Practice attire is at the team manager's discretion, but NHBR does not recommend players wear jeans or shorts. The league also recommends players always wear caps or visors to practices, especially younger players.
What about uniforms?
     NHBR provides a team cap and shirt to all baseball players and a visor and shirt to softball players.  Parents/guardians are responsible for purchasing game pants and any belts or matching socks teams decide to wear for the season. 
How are teams selected?
     Players who are new to the league or move up in division will be required to participate in a pre-season practice, where Commissioners and Team Managers will evaluate each player's skills. Information obtained from the skills evaluation will be used to draft teams. The goal of player drafts is to balance teams as much as possible. NHBR does not allow "stacking" experienced players or grouping a majority of inexperienced players on any one team.

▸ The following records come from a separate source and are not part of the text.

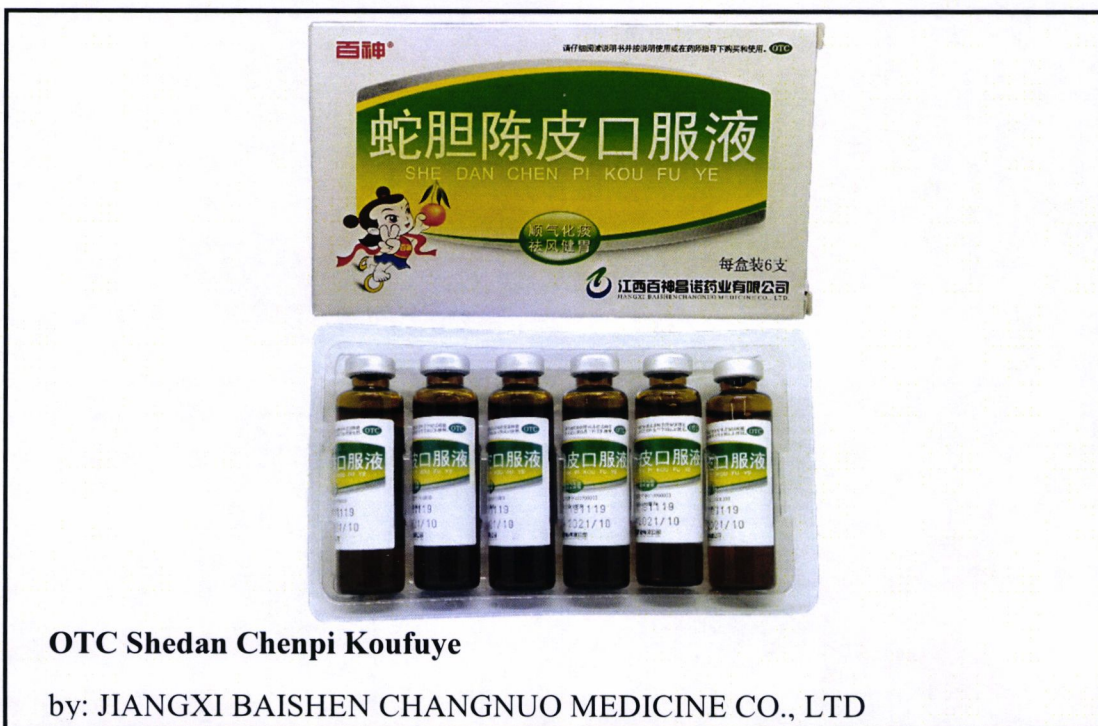
Larawan 5. Hindi rehistradong gamot
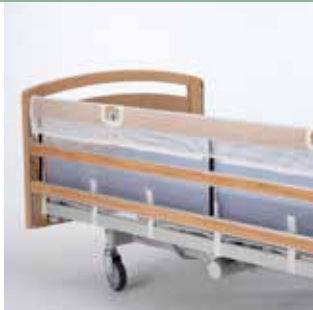
Betræk i net Betræk i net til Line og Britt V sengehest. Betrækket bliver på plads når sengehest er nedfældet. Leveres i standard og forlænget udgave (+100 mm og +200 mm).
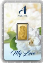
ลายหน้าทอง My Love(แม่)
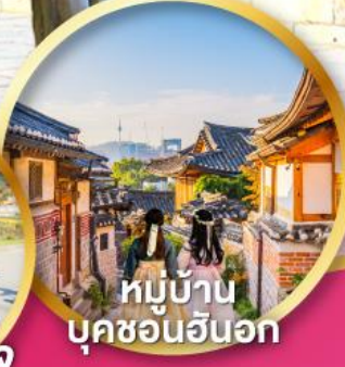
หมู่บ้าน บุคซอนอันอก
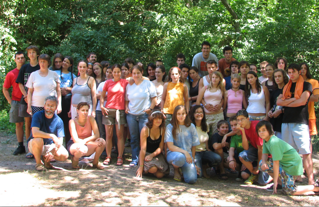
2007 – Ifi hét
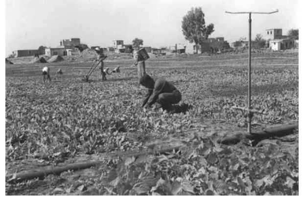
رنتية: منظر نادر في القرية بعد إحتلالها والمغتصبين الصهاينة فيها #3، 1949.
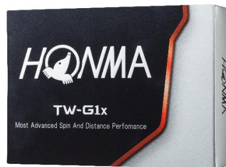
<TOUR WORLD TW-G1x>
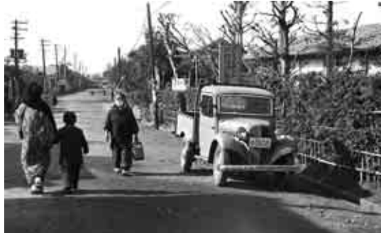
馬橋小学校へ続く道

郷土博物館で19年10月27日から開催し好評をいただいた写真展を、一部構成を変えて巡回展示します。ぜひご覧ください。
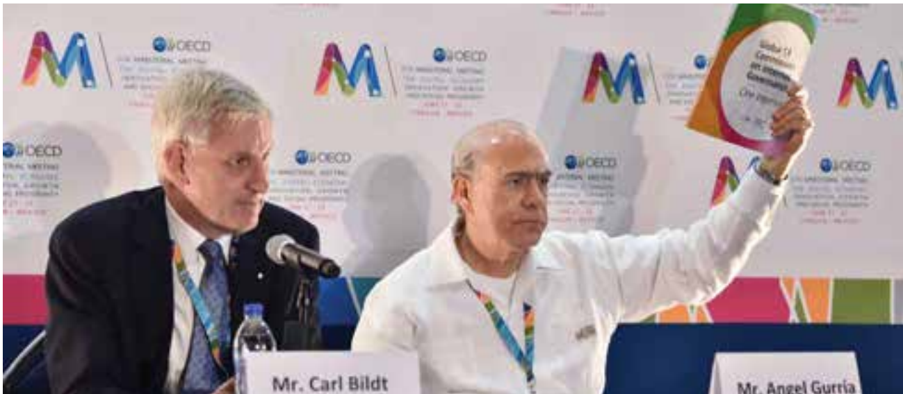
Angel Gurría, secrétaire général de l'Organisation de coopération et de développement économiques (OCDE), présente One Internet , le rapport final de la Commission mondiale sur la gouvernance d'Internet (CMGI), née d'un projet conjoint du CIGI et de Chatham House, aux côtés du directeur de la CMGI Carl Bildt, à l'occasion de la Réunion ministérielle de l'OCDE tenue le 21 juin 2016 à Cancun, au Mexique. Les recommandations du rapport portent sur les droits et responsabilités de tous les acteurs qui contribueront à l'application des quatre aspects fondamentaux d'un Internet à la fois sain et robuste : ouverture, sécurité, fiabilité et inclusion.

Le programme Sécurité et politique internationales traite d'une série d'enjeux en matière de sécurité, de gestion des conflits et de gouvernance. Plus que jamais, la transformation accélérée du contexte de sécurité planétaire nécessite de produire une recherche de premier ordre et de mobiliser au plus haut niveau les milieux nationaux et internationaux d'élaboration des politiques et de recherche appliquée. Cette année encore, l'équipe du programme a renforcé ses partenariats et multiplié les initiatives pour diffuser efficacement ses travaux et créer des forums internationaux de discussion sur les grands sujets de l'heure.

Players returning to the same division as the previous Spring season will return to the same team unless said team has dissolved or parents/guardians request otherwise.
The T-Ball division does not conduct a skills evaluation or draft. Teams are put together by the Commissioner and balanced using age and experience listed on registration forms.
Can parents/guardians request players to be on certain teams?
     NHBR will take any requests parents/guardians have at the time of registration, but we cannot make guarantees. Each season brings about many requests for players to play with others or on certain teams. Such requests often inhibit the ability of Commissioners and Team Managers to balance teams.
NHBR will ensure siblings who live in the same household play on the same team, if both players are in the same division.
NHBR is sympathetic to potential transportation issues. We are proud that such issues are often mitigated through team communication and support. Our Team Managers and Team Moms will work with every family to ensure no players are left behind.
How are coaches selected?
     Each season the NHBR President will appoint a Team Manager Selection Committee that is tasked with receiving, reviewing, and accepting applications. Team Manager Candidates must complete the Babe Ruth League Coaching Certification and pass a National criminal background investigation. Team Managers are the head coach responsible for the operation and conduct of their teams to include assistant coaches, players, and spectators.
Team Managers will select their Assistant Coaches and Team Mom after teams have been organized/drafted. Assistant Coaches and Team Moms must also pass a background investigation.
What can kids do to prepare for each season?
     Baseball and softball at all levels is about practice. The more kids practice, the better ballplayers they become. Coaches will work with every player on fundamentals; however, there is never enough time during a season for teams to have as much organized practice as they'd prefer. We encourage players to work on their skills at home. Playing catch, hitting wiffle balls, and even running bases in the yard can go a long way to helping players develop.
Have players watch a little baseball on television or better yet, go see the Louisville Bats play in person. It's never a bad thing to see young ballplayers take inspiration from the big leagues and try to mimic their favorite players.
Baseball lessons and playing for competitive travel teams are also an option, but only recommended for players at the Major level and above. Beware of any and all youth baseball/softball-related activities that are for-profit. It is a myth that young players need to specialize in baseball/softball or play competitive travel ball in order to play ball in high school and college.
Players will need to work to improve, but without being over-worked by adults. Over-working young ballplayers takes the fun out playing baseball and softball. NHBR needs to cultivate fun in order to keep the kids on our diamonds.